* [Dataset records]

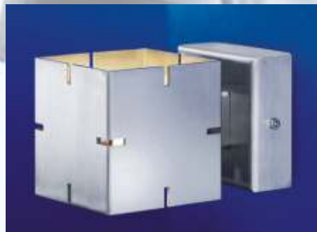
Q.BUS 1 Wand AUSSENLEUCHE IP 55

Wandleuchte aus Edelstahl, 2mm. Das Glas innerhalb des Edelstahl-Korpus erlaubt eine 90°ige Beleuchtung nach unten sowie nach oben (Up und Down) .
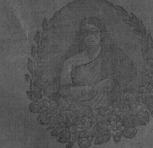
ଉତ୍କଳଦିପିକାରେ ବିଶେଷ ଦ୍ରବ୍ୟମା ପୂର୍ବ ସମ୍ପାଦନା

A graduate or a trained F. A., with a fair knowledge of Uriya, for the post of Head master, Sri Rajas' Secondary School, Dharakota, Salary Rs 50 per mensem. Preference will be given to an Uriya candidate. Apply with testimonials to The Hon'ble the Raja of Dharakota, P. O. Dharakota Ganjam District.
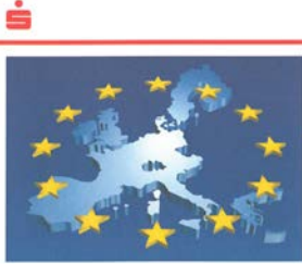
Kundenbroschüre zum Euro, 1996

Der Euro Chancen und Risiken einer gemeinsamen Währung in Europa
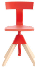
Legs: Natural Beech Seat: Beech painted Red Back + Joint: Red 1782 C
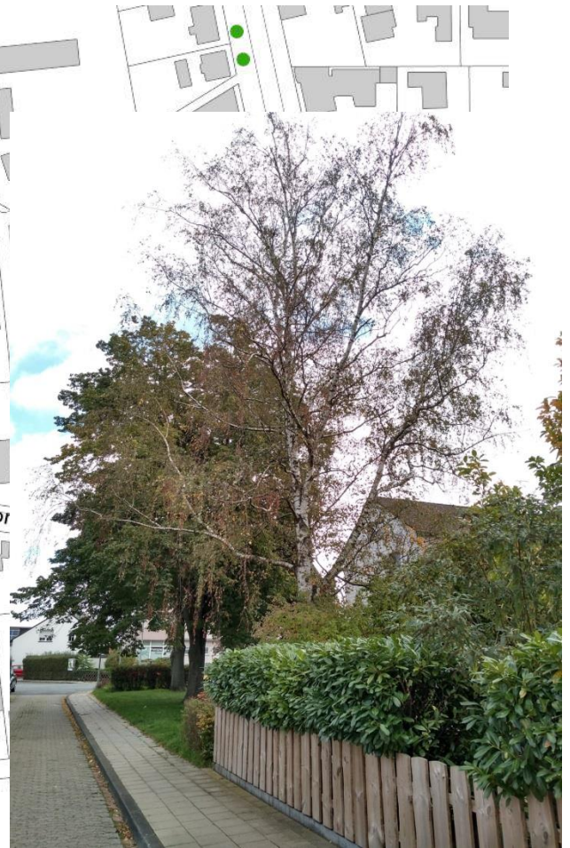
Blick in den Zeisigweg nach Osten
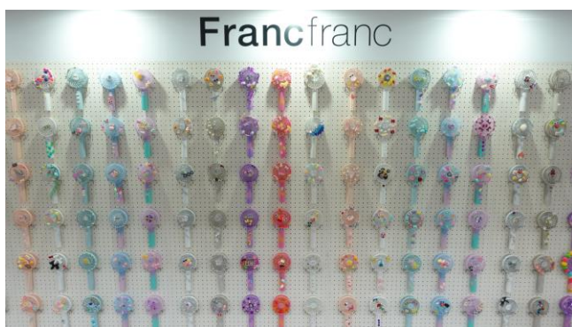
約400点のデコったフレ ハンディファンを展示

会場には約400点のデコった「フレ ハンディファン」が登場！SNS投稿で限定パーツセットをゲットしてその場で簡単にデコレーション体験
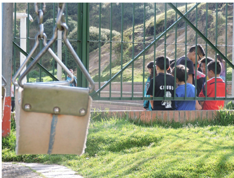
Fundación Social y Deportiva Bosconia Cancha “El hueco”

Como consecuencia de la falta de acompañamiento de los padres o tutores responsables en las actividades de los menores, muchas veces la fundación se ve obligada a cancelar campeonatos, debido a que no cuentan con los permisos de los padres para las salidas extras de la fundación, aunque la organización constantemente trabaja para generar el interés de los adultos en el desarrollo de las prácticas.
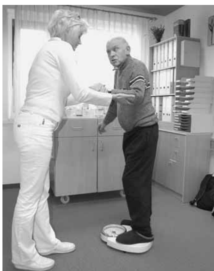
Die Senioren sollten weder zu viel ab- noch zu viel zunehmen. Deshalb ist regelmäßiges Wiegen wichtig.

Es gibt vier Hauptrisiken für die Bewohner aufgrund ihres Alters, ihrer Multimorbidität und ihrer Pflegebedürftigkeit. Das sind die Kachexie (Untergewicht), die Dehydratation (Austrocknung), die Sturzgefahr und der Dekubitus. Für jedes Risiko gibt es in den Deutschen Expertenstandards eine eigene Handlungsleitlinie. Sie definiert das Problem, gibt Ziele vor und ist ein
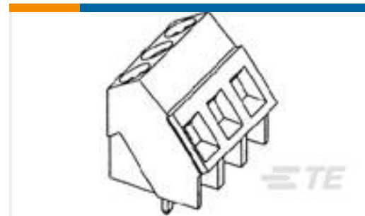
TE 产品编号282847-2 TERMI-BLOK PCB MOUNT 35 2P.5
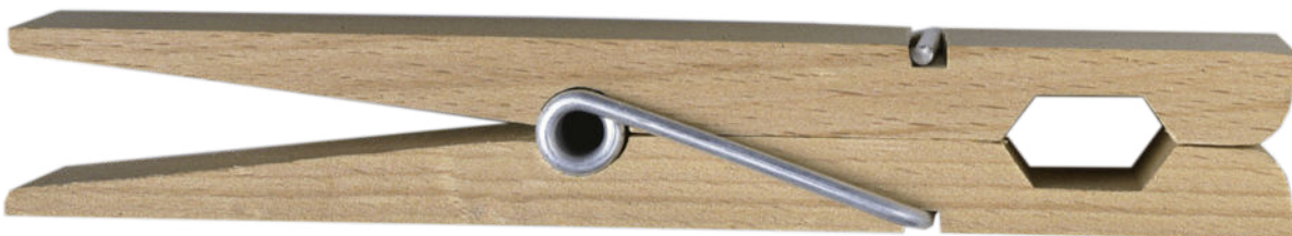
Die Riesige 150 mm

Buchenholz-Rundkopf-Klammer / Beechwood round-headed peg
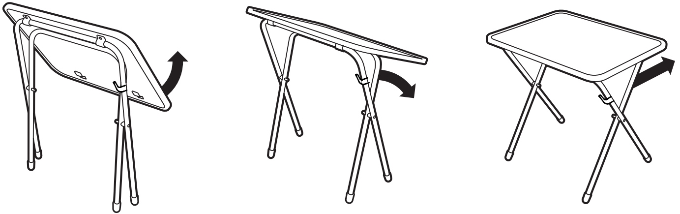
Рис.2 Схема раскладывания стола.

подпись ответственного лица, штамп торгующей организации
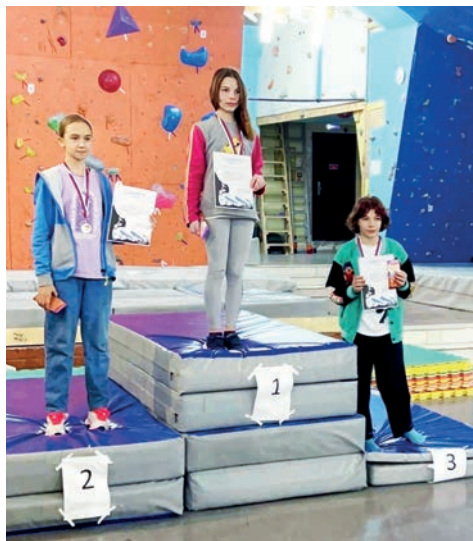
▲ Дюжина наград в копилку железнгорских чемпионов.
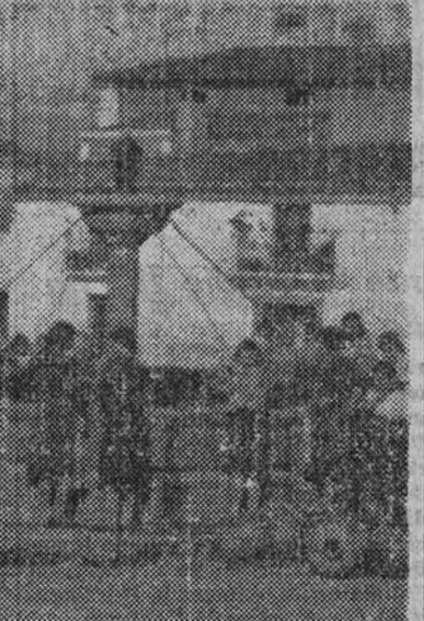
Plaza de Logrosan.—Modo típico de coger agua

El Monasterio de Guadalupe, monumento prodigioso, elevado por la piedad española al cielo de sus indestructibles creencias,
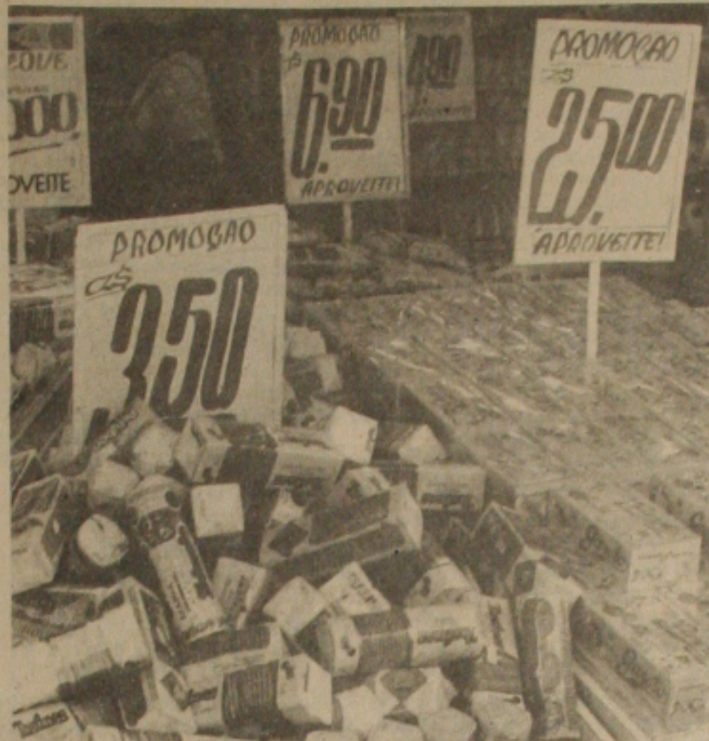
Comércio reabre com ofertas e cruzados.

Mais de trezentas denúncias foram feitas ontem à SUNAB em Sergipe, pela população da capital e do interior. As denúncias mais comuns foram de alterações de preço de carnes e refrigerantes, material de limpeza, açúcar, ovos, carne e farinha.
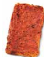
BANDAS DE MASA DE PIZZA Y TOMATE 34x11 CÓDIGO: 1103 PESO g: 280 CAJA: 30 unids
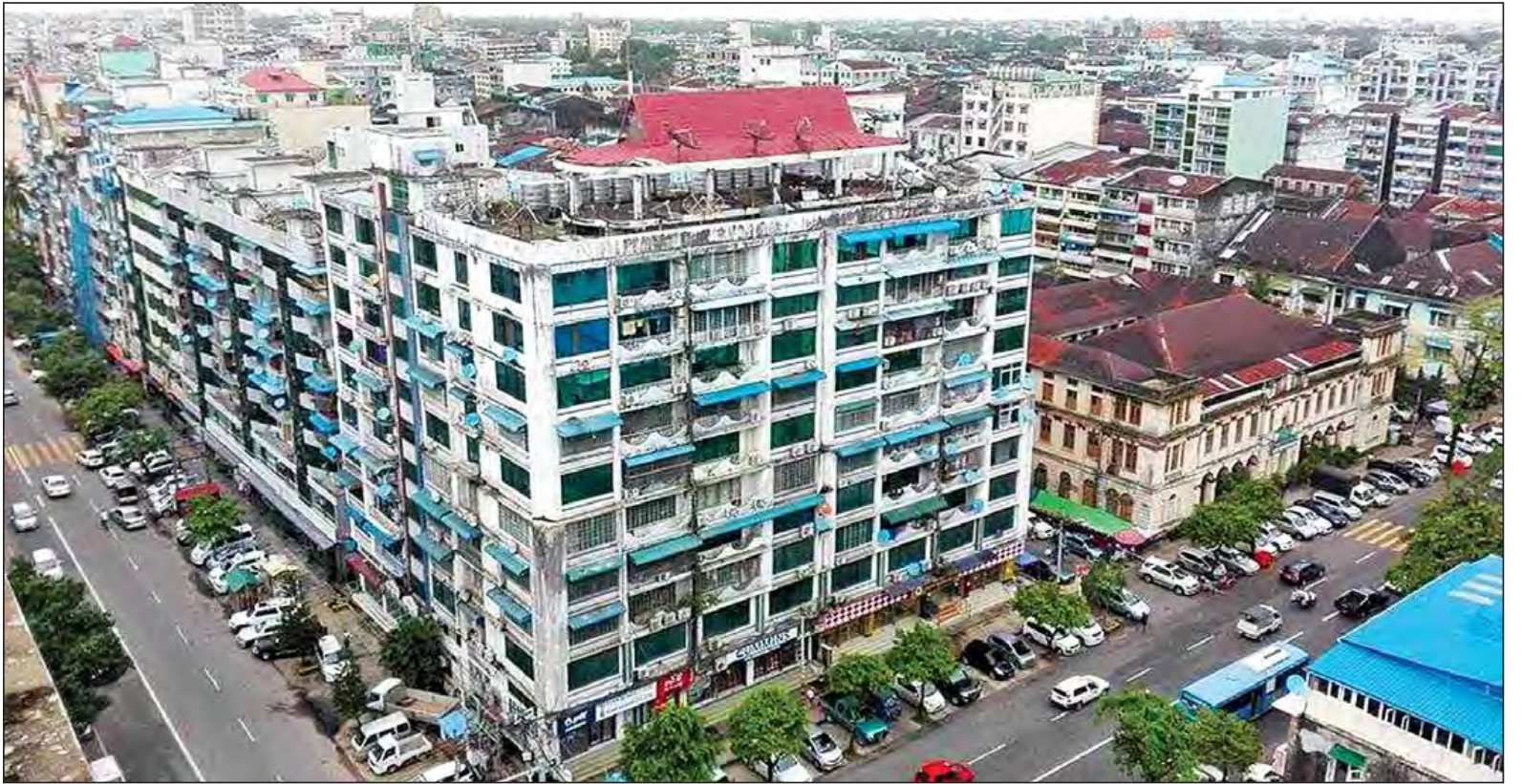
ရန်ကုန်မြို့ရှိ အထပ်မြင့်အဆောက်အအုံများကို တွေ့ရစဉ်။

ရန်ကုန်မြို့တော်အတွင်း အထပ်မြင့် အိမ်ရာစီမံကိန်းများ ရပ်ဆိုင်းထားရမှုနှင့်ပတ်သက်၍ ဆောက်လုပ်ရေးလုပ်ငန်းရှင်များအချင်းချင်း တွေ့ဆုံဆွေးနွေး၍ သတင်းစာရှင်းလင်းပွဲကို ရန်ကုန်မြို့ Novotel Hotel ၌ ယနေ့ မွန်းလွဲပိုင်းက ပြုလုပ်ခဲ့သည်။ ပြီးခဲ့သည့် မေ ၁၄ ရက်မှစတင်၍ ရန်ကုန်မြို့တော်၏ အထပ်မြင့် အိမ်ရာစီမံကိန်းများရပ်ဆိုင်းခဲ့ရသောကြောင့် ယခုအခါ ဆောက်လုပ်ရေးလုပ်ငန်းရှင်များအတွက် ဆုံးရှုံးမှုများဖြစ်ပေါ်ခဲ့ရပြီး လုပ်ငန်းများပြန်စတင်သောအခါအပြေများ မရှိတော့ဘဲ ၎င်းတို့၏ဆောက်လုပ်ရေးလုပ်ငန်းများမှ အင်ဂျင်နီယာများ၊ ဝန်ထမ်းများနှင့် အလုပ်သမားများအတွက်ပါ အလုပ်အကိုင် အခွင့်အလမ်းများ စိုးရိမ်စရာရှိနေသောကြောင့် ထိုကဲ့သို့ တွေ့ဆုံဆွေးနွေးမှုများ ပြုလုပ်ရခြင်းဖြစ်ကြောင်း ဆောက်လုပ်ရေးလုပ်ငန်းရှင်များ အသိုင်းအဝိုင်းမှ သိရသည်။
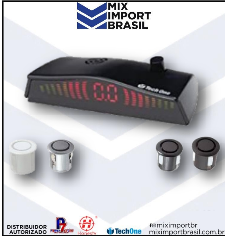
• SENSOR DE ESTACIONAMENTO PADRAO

* [Work required] List every line from the entries above in which "nach" appears.

* [The answer]
Wandleuchte aus Edelstahl, 2mm. Das Glas innerhalb des Edelstahl-Korpus erlaubt eine 90°ige Beleuchtung nach unten sowie nach oben (Up und Down) .
Blick in den Zeisigweg nach Osten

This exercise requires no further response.